EXERCISE BRIEF> Nothing but the text should be carried over: reproduce all the data exactly and leave out every image.

SOURCE DATA>
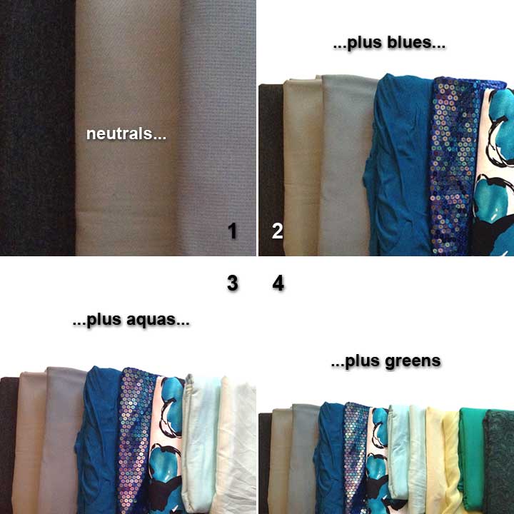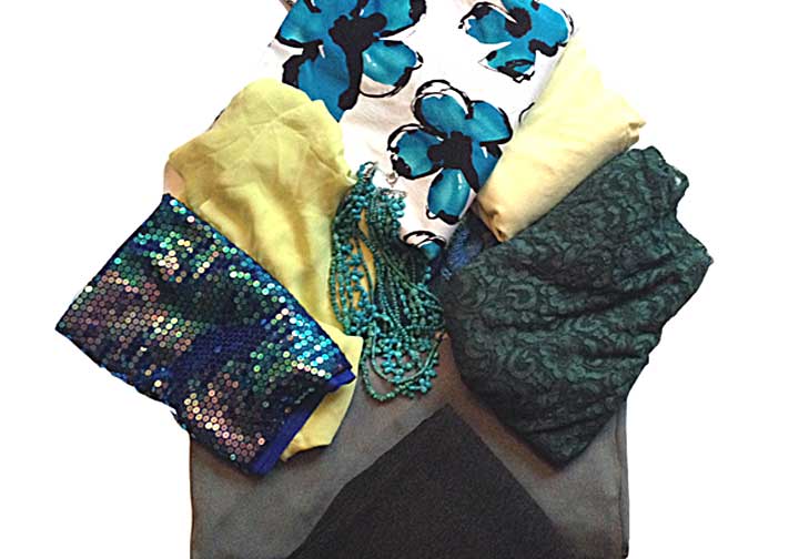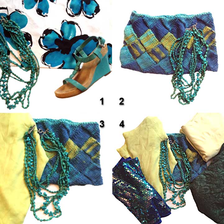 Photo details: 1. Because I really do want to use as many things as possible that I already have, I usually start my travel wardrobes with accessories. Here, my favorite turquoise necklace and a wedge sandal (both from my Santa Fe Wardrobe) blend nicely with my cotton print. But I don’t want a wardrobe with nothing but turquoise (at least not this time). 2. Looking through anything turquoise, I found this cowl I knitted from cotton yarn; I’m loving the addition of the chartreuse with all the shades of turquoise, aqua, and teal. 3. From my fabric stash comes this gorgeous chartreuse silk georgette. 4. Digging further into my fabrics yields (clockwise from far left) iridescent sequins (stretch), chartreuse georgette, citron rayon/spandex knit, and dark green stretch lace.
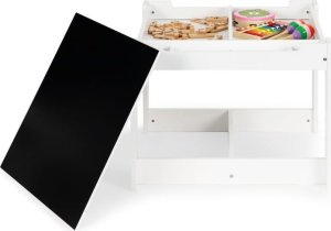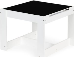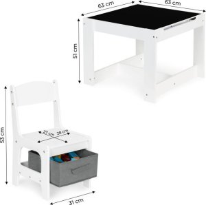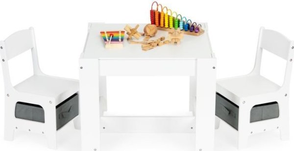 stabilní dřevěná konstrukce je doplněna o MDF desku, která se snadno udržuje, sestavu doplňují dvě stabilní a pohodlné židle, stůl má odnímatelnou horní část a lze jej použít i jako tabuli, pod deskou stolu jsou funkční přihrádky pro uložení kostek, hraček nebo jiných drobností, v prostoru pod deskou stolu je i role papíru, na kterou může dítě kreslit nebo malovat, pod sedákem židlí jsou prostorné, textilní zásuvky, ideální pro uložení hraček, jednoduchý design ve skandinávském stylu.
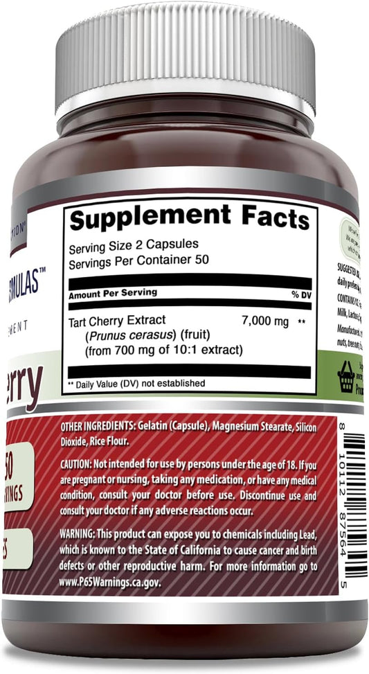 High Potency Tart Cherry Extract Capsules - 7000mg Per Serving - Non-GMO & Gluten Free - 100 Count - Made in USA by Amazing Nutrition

EXERCISE ANSWER>
 Photo details: 1. Because I really do want to use as many things as possible that I already have, I usually start my travel wardrobes with accessories. Here, my favorite turquoise necklace and a wedge sandal (both from my Santa Fe Wardrobe) blend nicely with my cotton print. But I don’t want a wardrobe with nothing but turquoise (at least not this time). 2. Looking through anything turquoise, I found this cowl I knitted from cotton yarn; I’m loving the addition of the chartreuse with all the shades of turquoise, aqua, and teal. 3. From my fabric stash comes this gorgeous chartreuse silk georgette. 4. Digging further into my fabrics yields (clockwise from far left) iridescent sequins (stretch), chartreuse georgette, citron rayon/spandex knit, and dark green stretch lace.
 stabilní dřevěná konstrukce je doplněna o MDF desku, která se snadno udržuje, sestavu doplňují dvě stabilní a pohodlné židle, stůl má odnímatelnou horní část a lze jej použít i jako tabuli, pod deskou stolu jsou funkční přihrádky pro uložení kostek, hraček nebo jiných drobností, v prostoru pod deskou stolu je i role papíru, na kterou může dítě kreslit nebo malovat, pod sedákem židlí jsou prostorné, textilní zásuvky, ideální pro uložení hraček, jednoduchý design ve skandinávském stylu.
 High Potency Tart Cherry Extract Capsules - 7000mg Per Serving - Non-GMO & Gluten Free - 100 Count - Made in USA by Amazing Nutrition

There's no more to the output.